#### EXERCISE:
Exactly the lines from the beginning of the records below through the line with "秋冬季加绒加厚卫衣男孩初中学生半高领上衣青少年大童潮流打底衫" must be given again, without pictures.

(Dataset excerpts)
=====

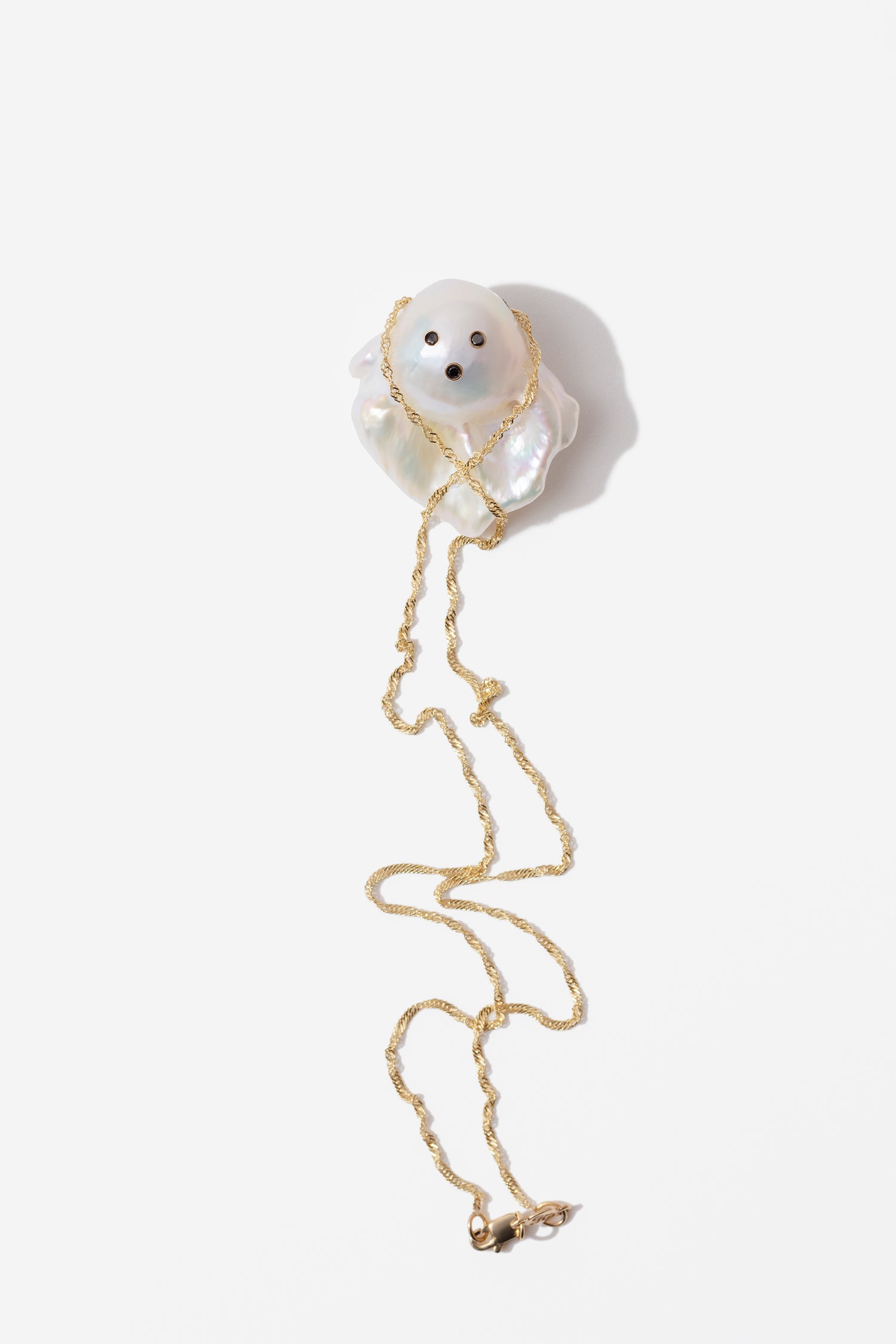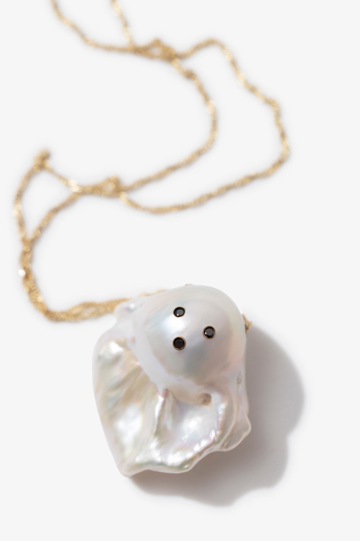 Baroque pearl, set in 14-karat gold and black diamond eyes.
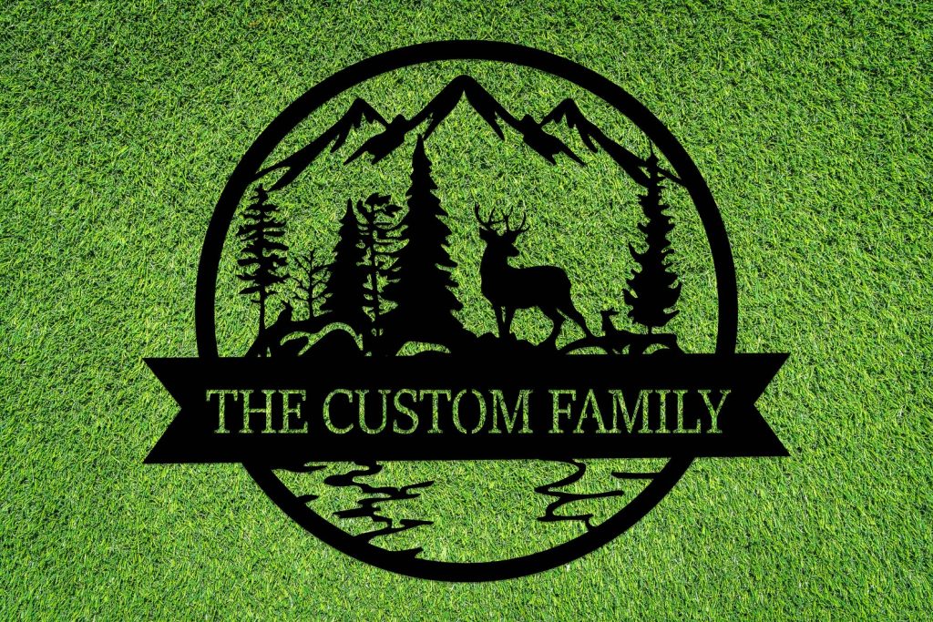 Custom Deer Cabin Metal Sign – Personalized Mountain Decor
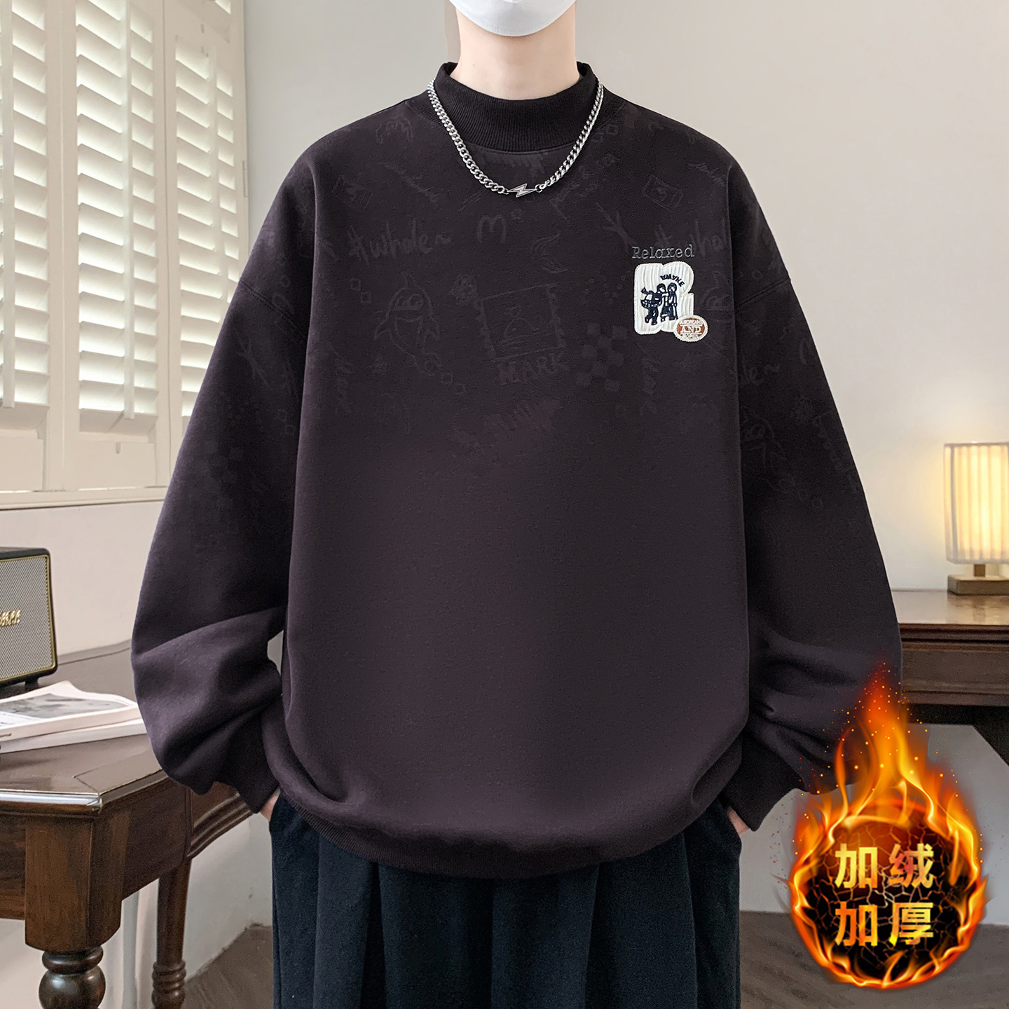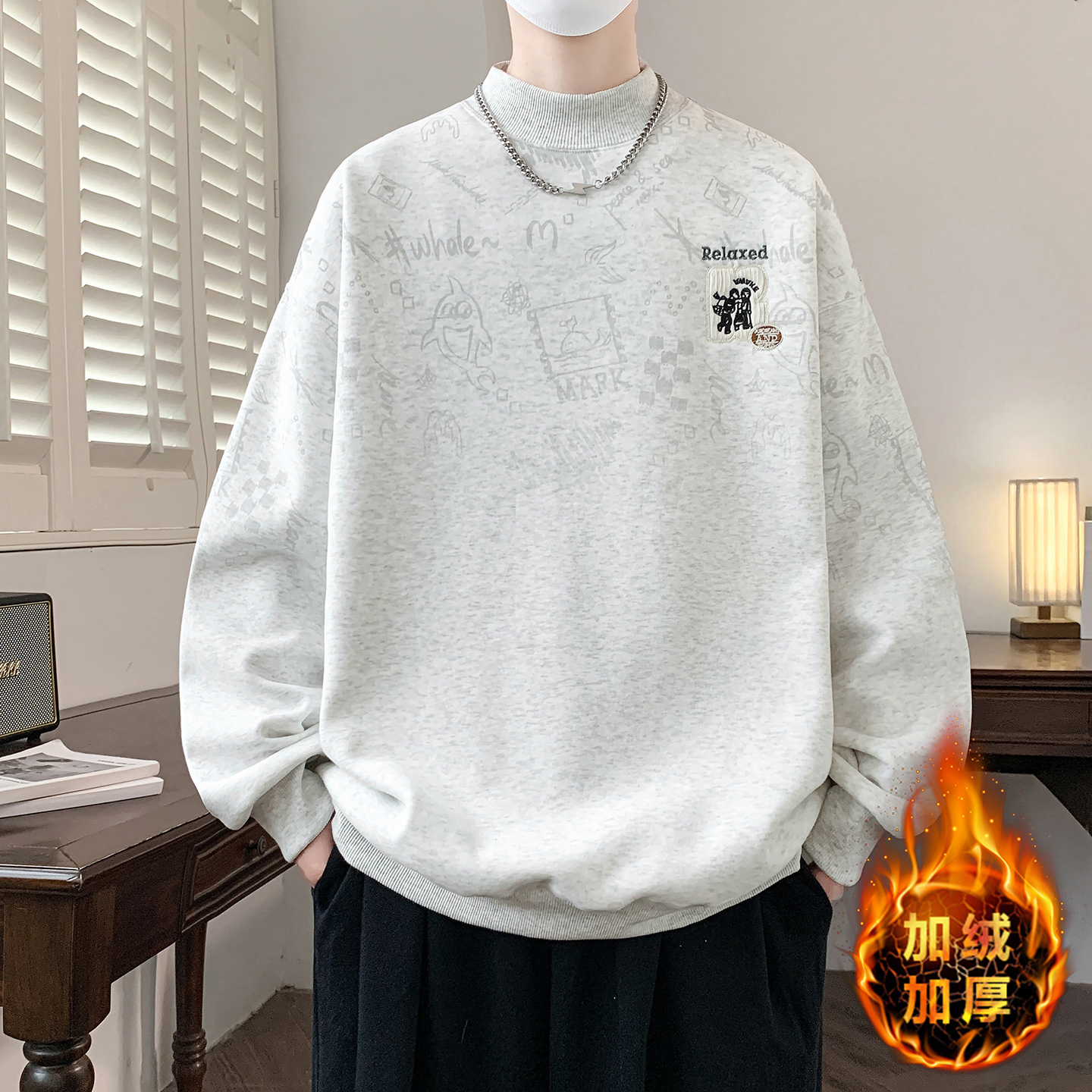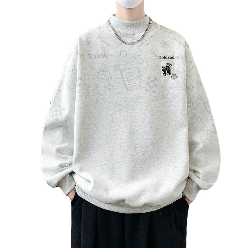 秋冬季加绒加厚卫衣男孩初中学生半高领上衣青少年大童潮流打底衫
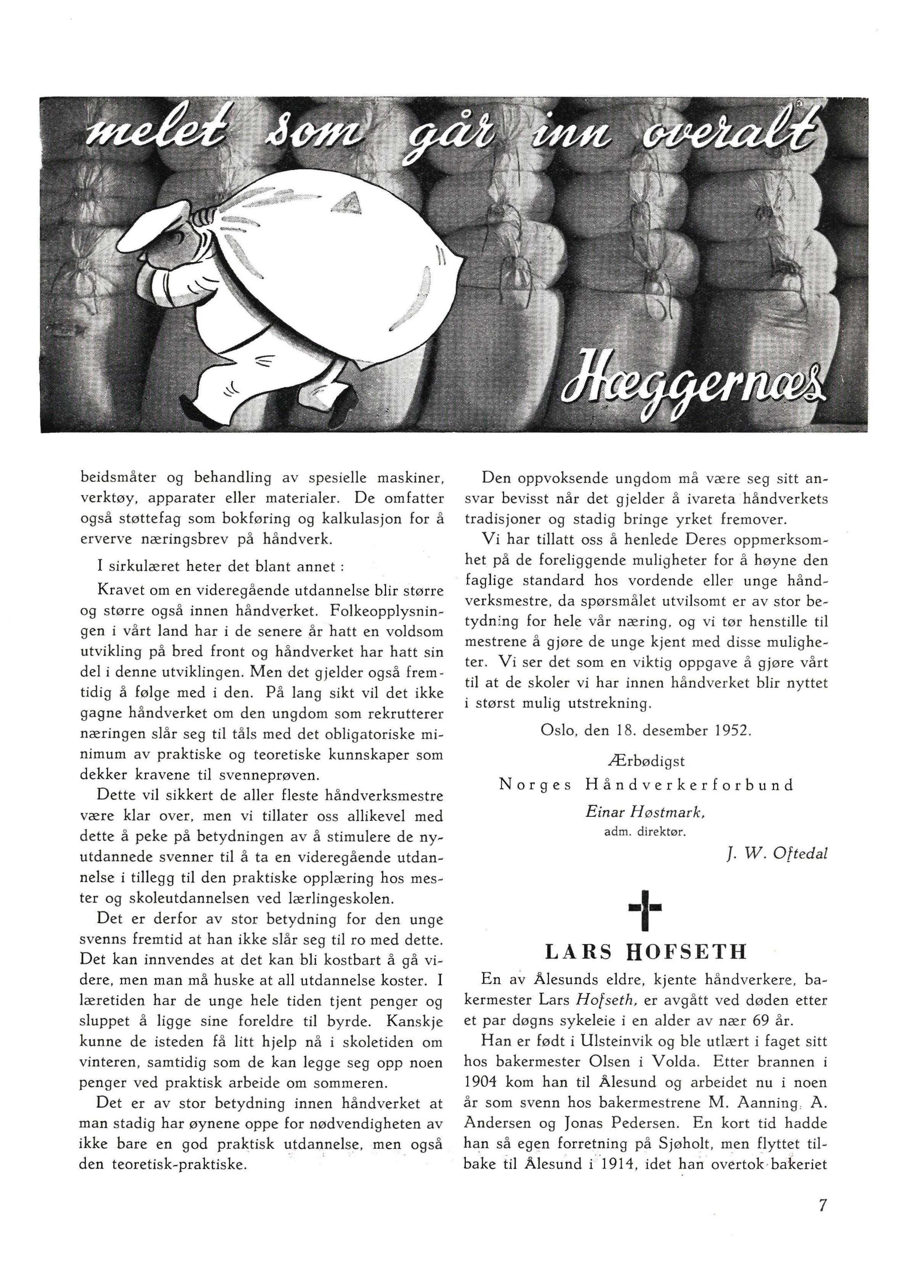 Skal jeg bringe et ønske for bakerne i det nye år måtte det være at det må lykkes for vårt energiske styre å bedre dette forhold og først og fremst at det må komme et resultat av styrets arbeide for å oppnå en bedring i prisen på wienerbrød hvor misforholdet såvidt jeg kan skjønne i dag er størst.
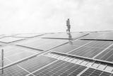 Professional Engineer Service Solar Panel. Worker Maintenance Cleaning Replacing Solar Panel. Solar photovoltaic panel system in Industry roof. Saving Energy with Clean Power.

=====

#### RESULT:
 Baroque pearl, set in 14-karat gold and black diamond eyes.
 Custom Deer Cabin Metal Sign – Personalized Mountain Decor
 秋冬季加绒加厚卫衣男孩初中学生半高领上衣青少年大童潮流打底衫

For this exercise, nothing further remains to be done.